Member of the French Senate for Drôme
- In office 1 October 2014 – 20 October 2025
- Succeeded by: Marie-Pierre Mouton [fr]

Mayor of Tain-l'Hermitage
- In office 19 June 1995 – 6 November 2017
- Preceded by: Maurice Alloncle
- Succeeded by: Xavier Angeli

Member of the General Council of Drôme for the Canton of Tain-l'Hermitage
- In office 3 April 1992 – 1 October 2014
- Preceded by: Maurice Alloncle
- Succeeded by: Annie Guibert

Personal details
- Born: 8 January 1947 La Voulte-sur-Rhône, France
- Died: 20 October 2025 (aged 78) Tain-l'Hermitage, France
- Political party: RPR (until 2002) UMP (2002–2015) LR (2015–2025)
- Occupation: Hotelier

= Gilbert Bouchet =

French politician (1947–2025)

Gilbert Bouchet (/fr/; 8 January 1947 – 20 October 2025) was a French politician of the Rally for the Republic (RPR), the Union for a Popular Movement (UMP), and The Republicans (LR).

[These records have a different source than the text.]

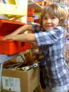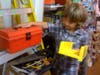 Seven-year-old Simon Dauth said he likes helicopters and trains the best. With his own portable toolboxes, he builds a lot using balsa wood and spends several hours at a time on a hobby project.
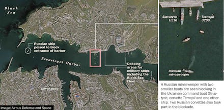 This first image shows Russia's naval blockade in Sevastopol Harbor, which has effectively trapped Ukrainians ships at the base. Russian forces also sank a decomissioned submarine in the harbor to create an obstacle for Ukrainian vessels.
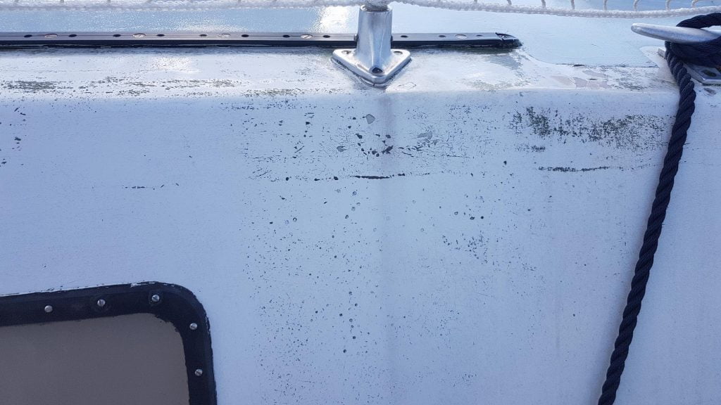The windows were a pain (a few were leaking so even if we were not painting they needed attention) – each one has about 20 screws in, which is about 16 more than they need. But without replacing the windows themselves we had to put them all back in. We’ve used a solid rubber strip as a gasket, tightened them enough so there are no leaks with just that, and will add a Sikaflex lip around the edge as insurance. I should mention that it does rain the Canaries, as we found out when a thunderstorm struck when we had no windows in… there was 3” of water in each of the bilges. Whoops.
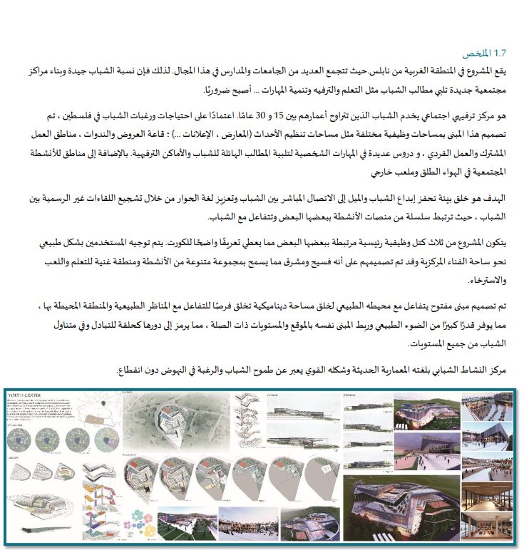 | dc.description.abstract | This is my graduation project in An-Najah National University. It is located in the western region of Nablus. Many universities and schools.... assemble in this areas. Therefore the proportion of young people is good and constructing new community centers which supply for young people's demands like learning, entertainments, developing skills ... become necessary. It is a social entertainment center serving youth aged 15-30 years. Relying on the needs and desires of the youth in Palestine, this building was designed with various functional spaces like spaces for organizing events ( exhibitions, advertisements...);Auditorium for performances and seminars, areas for co-working and individual work, for many classes on personal skills to meet the huge demands of the youth and recreational spaces. In addition, areas for community activities in the open air and an outdoor playground The goal is to create an environment that stimulates youth creativity and the tendency to direct contact between young people and to promote the language of dialogue by encouraging informal meetings between young people, where a series of activities platforms linked to each other and interacting with young people The project consists of three main functional blocks that are linked together which gives a clear definition to the court. Users are naturally directed towards the central courtyard and are designed as spacious and bright allowing a variety of activities and a rich area for learning, playing and relaxing. An open building that interacts with its natural surroundings is designed to create a dynamic space that creates opportunities for interaction with the landscape and the surrounding area, providing a large amount of natural light and linking the building itself to the site and related levels, symbolizing its role as a link for exchange and accessible to young people of all levels. With its modern architectural language and strong shape, the Youth Activity Center expresses the ambition of young people and the aspiration to rise without interruption | en_US |

A hotelier by profession, Bouchet served as president of the Syndicat des hôteliers de la Drôme and created one of the first labor unions in Tain-l'Hermitage in 1972. He served as mayor of Tain from 1995 to 2017 and served in the General Council of Drôme from 1992 to 2014. From 2014 until his death, he represented Drôme in the Senate. In 2017, he endorsed Laurent Wauquiez in the LR's leadership election.

In 2023, Bouchet announced that he was suffering from ALS while continuing his mandate as a senator. In 2024, he defended a bill aimed at improving the management of the disease. He died in Tain-l'Hermitage on 20 October 2025, at the age of 78.